What is happening in the Northwest is a dereliction of that duty.
The elite consensus, if it can even be called that, is shallow, fragmented, and oriented around short-term spoils rather than long-term transformation. The appointment of political stooges to manage the NWDC is perhaps the clearest indicator of this malaise. When development agencies are staffed like campaign offices, failure is not just likely, it is guaranteed.
The region’s development thinkers, technocrats, and reformers, many of whom have offered their expertise pro bono over the years, have been systematically sidelined in favour of those whose only qualification is political loyalty. As a result, the Commission has neither the vision nor the capacity to undertake the kind of structural interventions required to reverse the region’s decline.
Compare this with what is being conceptualized in the Southwest: legal amendments to the NRC Act to allow for private-sector-led rail development; port projects that will integrate the region into regional and global value chains; energy diversification via off-grid solutions to power industrial clusters. These are the hallmarks of developmental thinking rooted in institutional experimentation and coalition-building.
They understand that structural transformation requires infrastructure, connectivity, markets, and people. And while these projects are not without challenges, corruption, coordination failures, and financing gaps, they are directionally correct. They reflect a mindset that takes development seriously.
Back in the Northwest, we have development being treated as a budget line to be allocated, not as a system to be built. The NWDC, if not careful, may miss the rare opportunity to define a new path, to reset regional priorities, and to catalyseinnovation in governance and service delivery. It should be thinking of how to partner with state governor to tackle insecurity through integrated rural development programs. It should be thinking of collaborating with UBEC and states to design a Marshall Plan for Almajiri education. It should also be thinking of partnering with Kaduna and Kano states to solve power supply issues in their respective industrial zones. Furthermore, the NWDC should be thinking of how to catalyze a regional value chain for dairy, grains, and textiles.
Instead, we got scholarships. To study abroad. In a region where millions of children cannot read or write.
This is not just strategic myopia. It is institutional negligence.

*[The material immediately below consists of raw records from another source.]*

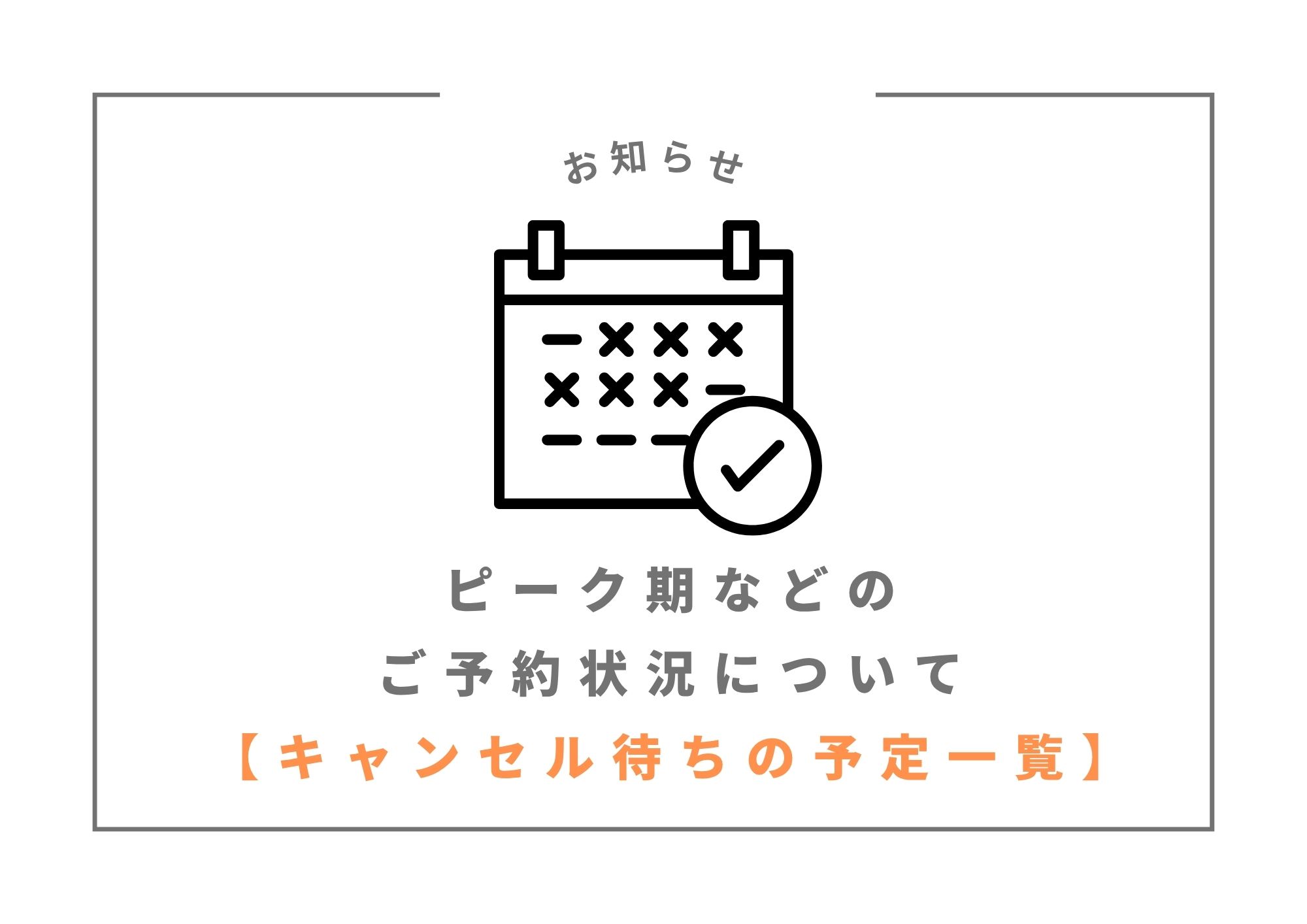 現段階で、下記日程はキャンセル待ちとさせていただいておりますので、あらかじめご了承下さいませ。
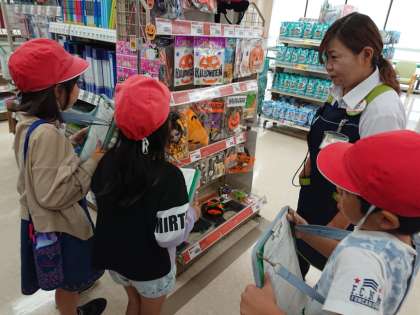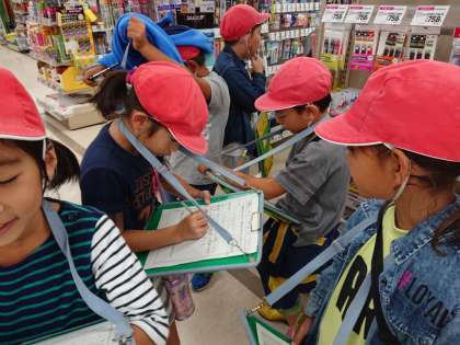 今日の午前中、「スーパーマーケットにお客さんがたくさん集まるひみつ」を調べるために、学校の近くのスーパーマーケットに見学に行きました。
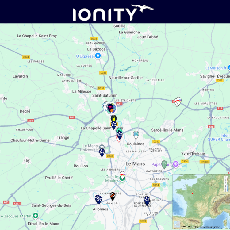 Construction d'une station Ionity à Saint-Saturnin. Le long de l'A11, sortie 7. Comme d'habitude, retrouvez le lien vers ma carte : https://tinyurl.com/StationsVE Toute l'actu des stations de recharge sur le groupe FB : https://tinyurl.com/GroupeFacebookVE - Aujourd’hui
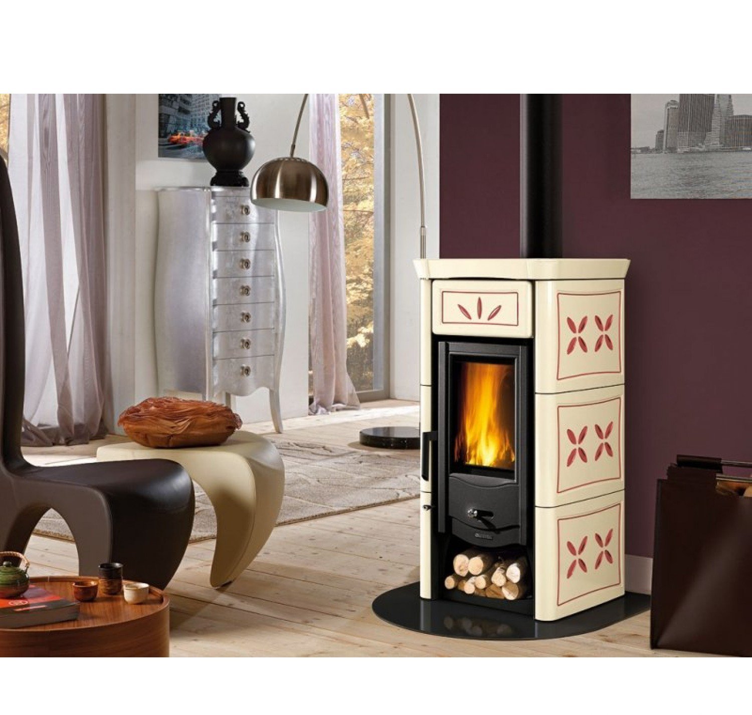 Такой эффект достигается при помощи изысканной облицовки керамической плиткой – майоликой. Печь-камин La Nordica Lucy выполнена из прочного и устойчивого к действию температуры чугуна. Топка закрытого типа. Тепло распространяется в нескольких направлениях. Практичная дверца оснащена стеклокерамикой, со способностью противодействия жару, не превышающего температуры в 750 градусов. Автоматическая подача воздуха удаляет наименьшие следы копоти, и сажи с поверхности стекла.
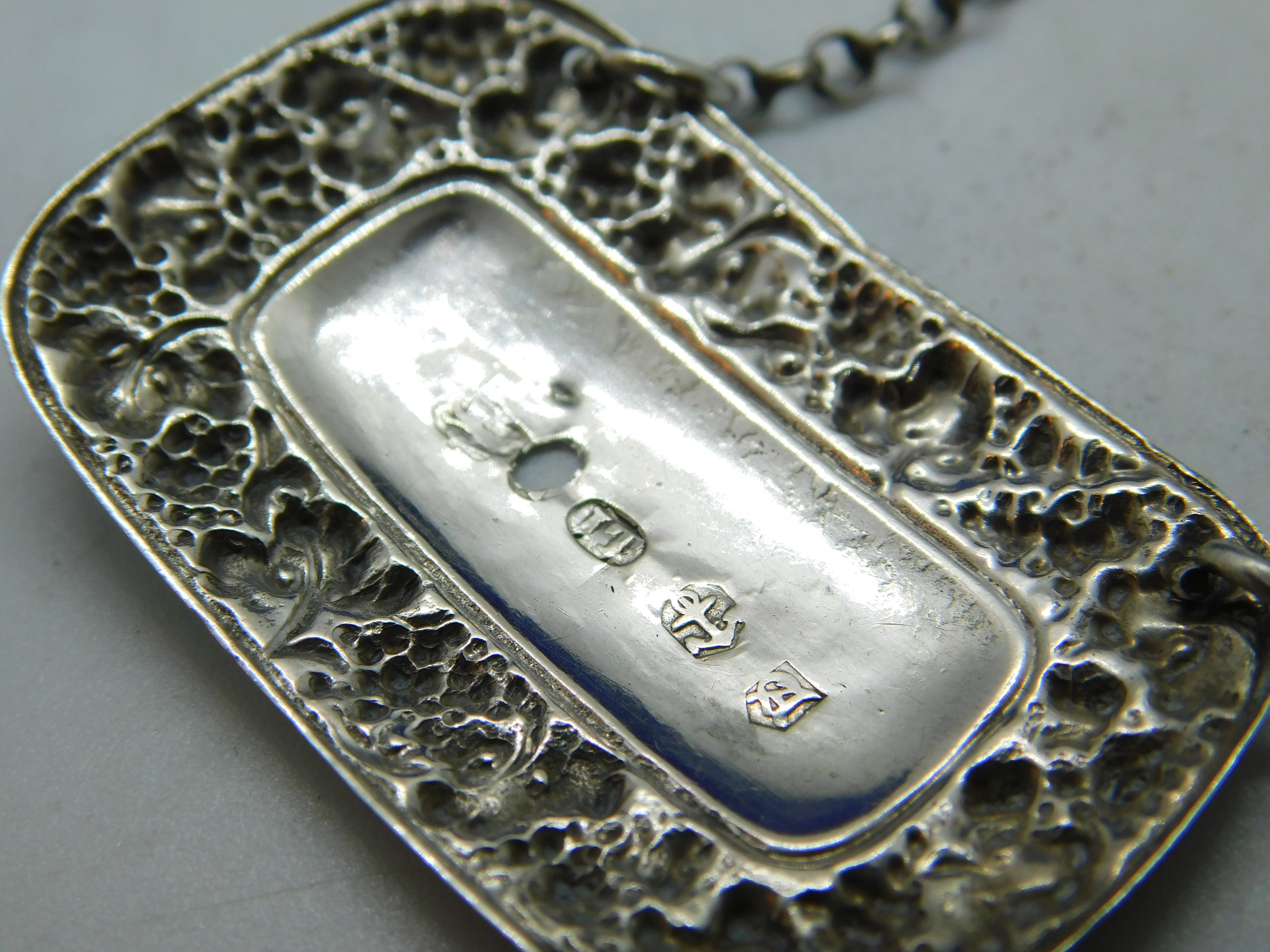 Details: A fantastic and wonderfully designed antique Georgian George IV sterling silver decanter label with charming anchus & grape patterns for 'Brosnuchair' hallmarked Birmingham 1824 by John Thropp to the reverse. We are unsure whether this is a type of wine or sauce but have never come across this example. The label does have a hole to the centre please see pictures but nonetheless very unique. This is a wonderful item that would make a perfect gift or addition to any collection. The BOX pictured is for PRESENTATION ONLY and is NOT included in the listings but used to frame the pictures unless specifically stated otherwise.
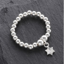 Sterling silver stretchy beaded ring with cut star charm, fits size P-Q. Ideal for stacking. Supplied in a white organza bag.
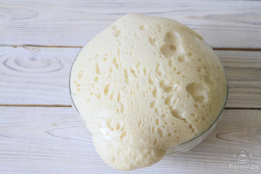 9. Миску с тестом обернуть пищевой пленкой и убрать в теплое место. Через 40 минут дрожжевое тесто у меня уже подошло.
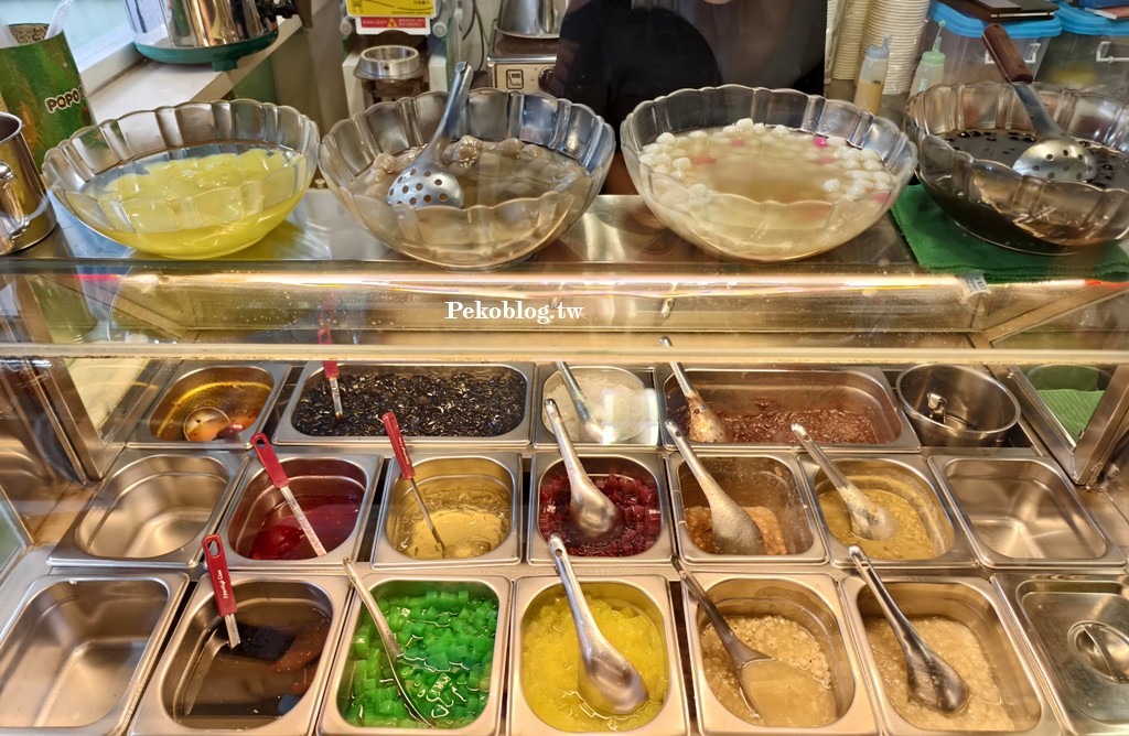 小時候麵茶都是喝熱的,長大後才知道原來麵茶也能吃冰的,而且味道還這麼優,炒過的麵茶粉香氣在口中慢慢散開,搭配上紅豆、仙草和芋圓,有點甜又不會太甜,扮演好各自的角色,沒有誰搶了誰的風采,完全征服PEKO挑剔的味蕾。
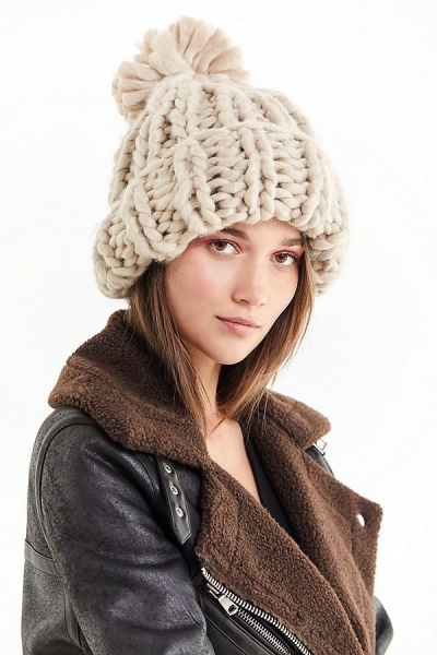 Специалисты рекомендуют носить вязаные бини под куртку. Также ими можно дополнить образ с шубой из дорогого меха – игра на контрастах выглядит стильно и оригинально.

And as Karounwi Adinni aptly observed, when the Southwest begins to pull further ahead, as it inevitably will, it won’t be because there is a conspiracy against the North. It will be because its leaders made choices, difficult, strategic, and sometimes unpopular, rooted in a long-term vision of shared growth. If the Northwest continues to romanticize victimhood while trivializing governance, the developmental gap will widen further. And no number of rhetorical gymnastics or scapegoating will reverse it.
Development is not a technical problem. It is a political one. And unless the Northwest builds an elite consensus that prioritizes real, inclusive development, its future will continue to be outsourced to Abuja and to goodwill that never arrives.
There is still time. But not much.
The NWDC must be reimagined, its leadership professionalized, its programs reoriented, and its legitimacy rebuilt. If that doesn’t happen, we can expect more scholarships, more headlines, and more despair.
Because in the end, development only works when people in power want it to.